Directions: Pictures are not part of the answer. Write out exactly the lines from the one containing "처음 생오리 한 마리와" through the end of the material below.

Data section:

════════════════

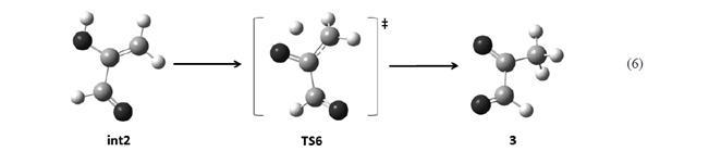 ( Eq. 5) involves a breaking of an H-H bond in a hydrogen molecule that requires a large amount of energy (ΔG533 = 406.7 kJ mol-1) to proceed. However, if there is a hydrogen molecule near to two electronegative atoms, it is expected that the electron interaction would decrease the dissociation energy compared to that required for the isolated hydrogen molecule. In the same context, it is also possible to suggest that the metal sites on the catalyst surface contribute to the dissociation of the hydrogen molecule. Therefore, this hydrogenation step would be favored through a catalytic effect. In this reaction, a six-membered cyclic transition state (TS5) structure was obtained, with an energy barrier of ΔG533,TS5 = 236.4 kJ mol-1, which is lower than that for four-membered cyclic transition states. This result is expected since six-membered cyclic structures have less geometric stress.
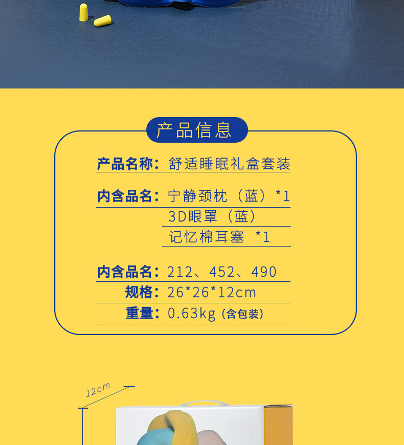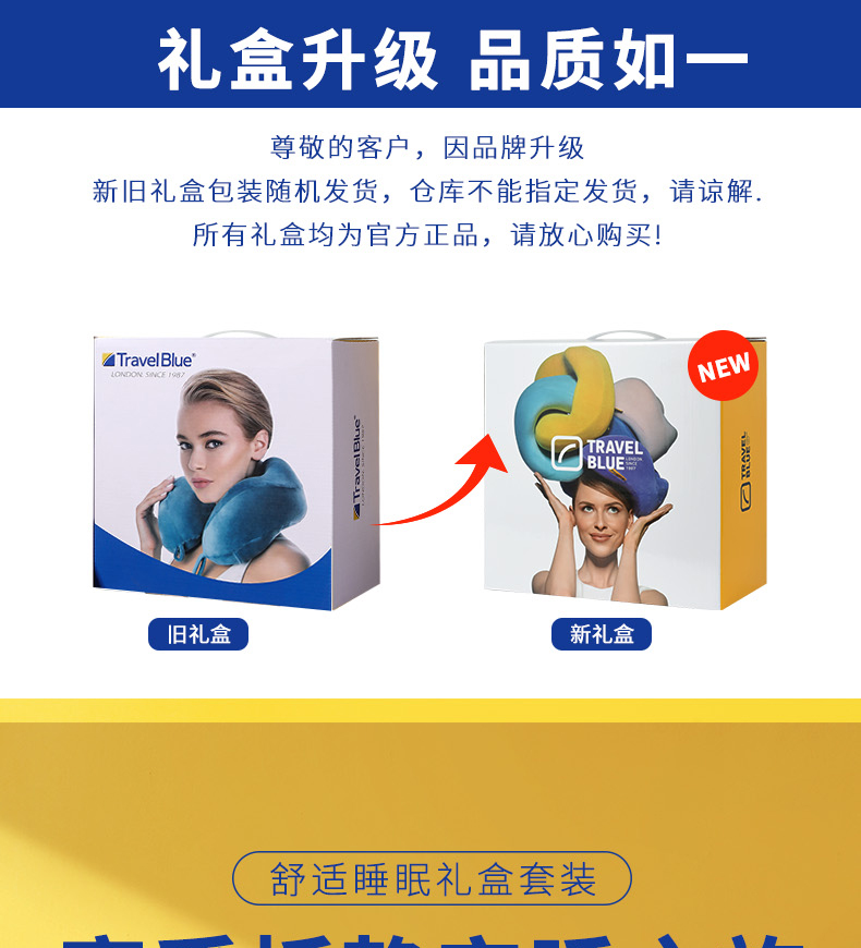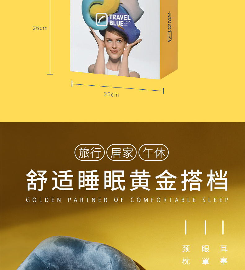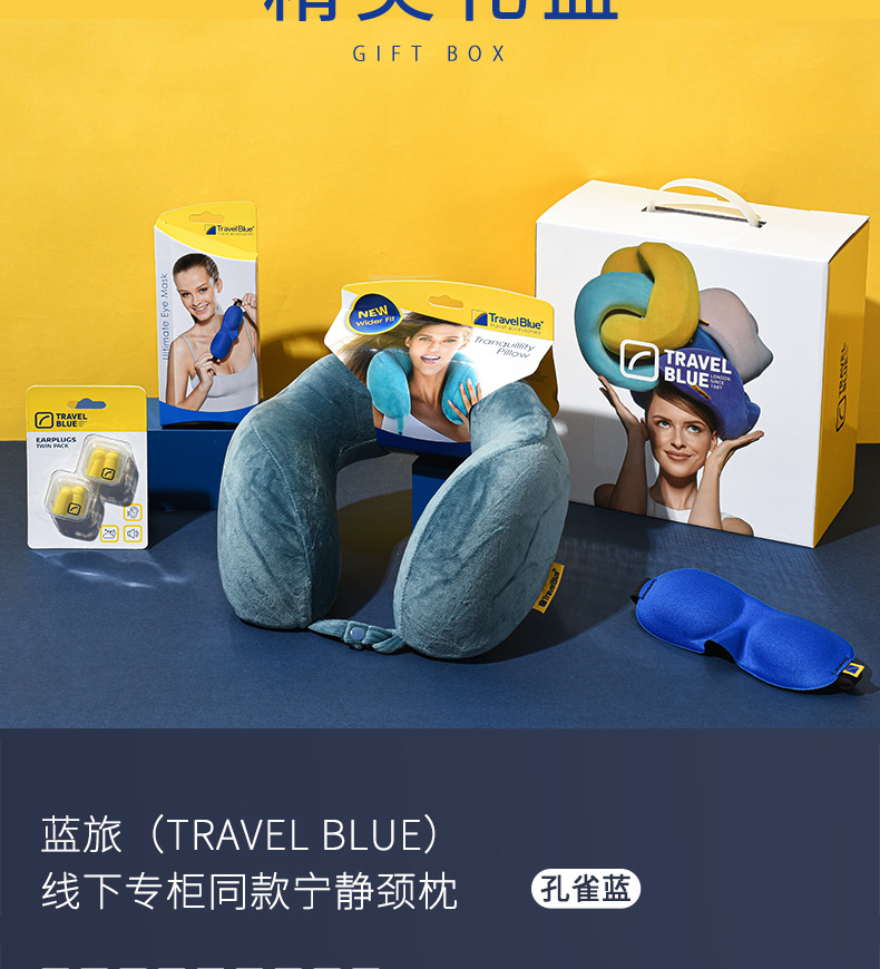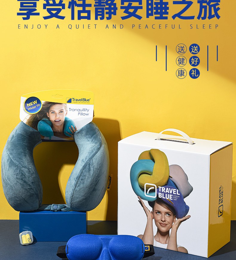 商品名称:(超运·禾贸)英国蓝旅Travel Blue旅行三件套装颈枕眼罩耳塞6212蓝色 线下同款记忆棉u型枕礼盒套装旅行居家午休睡眠三件套送人
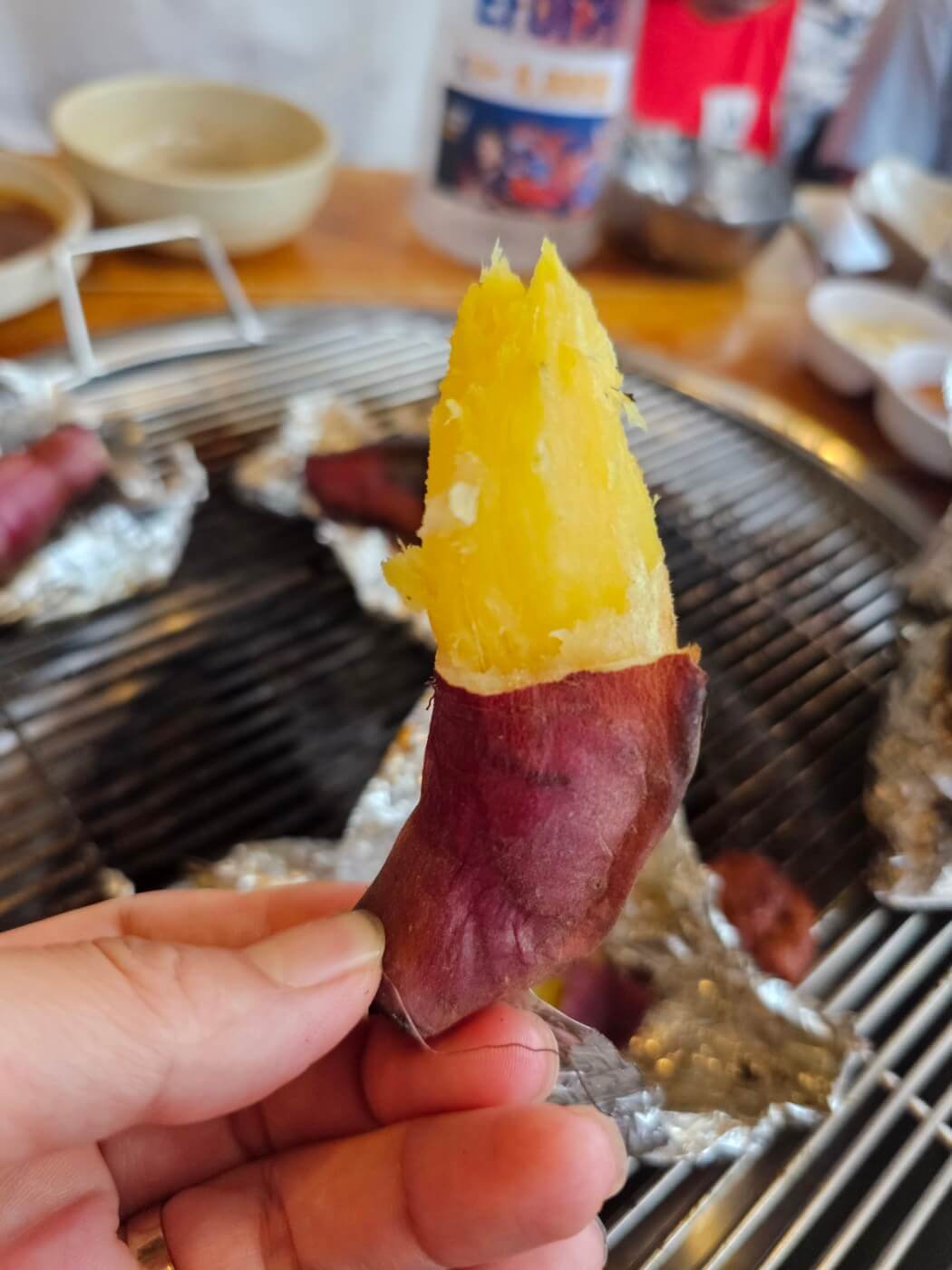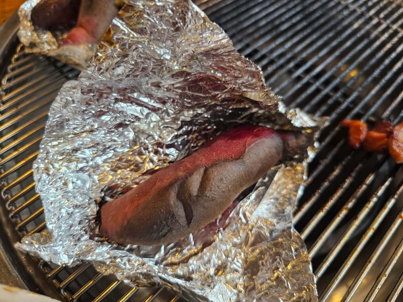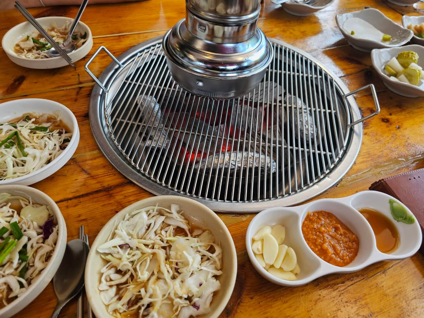 처음 생오리 한 마리와 진흙구이를 주문하였습니다. 미리 예약을 하지 않은 터라 2시간 정도 기다려야 한다고 합니다. 미리 전화해서 주문하시길 추천드립니다. 저희는 먹고 싶다는 불굴의 의지로 주문하고 진흙구이가 나올 때까지 천천히 식사를 즐기기로 했습니다. 숯불과 밑반찬을 셋팅 해 주셨습니다. 숯불 사이드로 은박에 쌓인 후식 고구마들이 같이 들어옵니다. 숯불 위에 고기들은 참으로 아름답습니다.
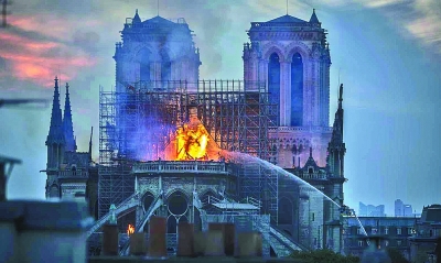 當?shù)貢r間15日傍晚,位于巴黎塞納河西岱島上擁有800多年歷史,在全世界享有盛名的巴黎圣母院遭遇火災(zāi),大火一直燃燒至16日凌晨火勢才得到有效的控制,明火基本被撲滅。經(jīng)過500余名消防員的奮力撲救,巴黎圣母院的兩個鐘樓和正面建筑得到挽救,但三分之二的屋頂已被大火損毀,特別是標志性的塔尖已經(jīng)倒塌。

════════════════

Answer area:
 처음 생오리 한 마리와 진흙구이를 주문하였습니다. 미리 예약을 하지 않은 터라 2시간 정도 기다려야 한다고 합니다. 미리 전화해서 주문하시길 추천드립니다. 저희는 먹고 싶다는 불굴의 의지로 주문하고 진흙구이가 나올 때까지 천천히 식사를 즐기기로 했습니다. 숯불과 밑반찬을 셋팅 해 주셨습니다. 숯불 사이드로 은박에 쌓인 후식 고구마들이 같이 들어옵니다. 숯불 위에 고기들은 참으로 아름답습니다.
 當?shù)貢r間15日傍晚,位于巴黎塞納河西岱島上擁有800多年歷史,在全世界享有盛名的巴黎圣母院遭遇火災(zāi),大火一直燃燒至16日凌晨火勢才得到有效的控制,明火基本被撲滅。經(jīng)過500余名消防員的奮力撲救,巴黎圣母院的兩個鐘樓和正面建筑得到挽救,但三分之二的屋頂已被大火損毀,特別是標志性的塔尖已經(jīng)倒塌。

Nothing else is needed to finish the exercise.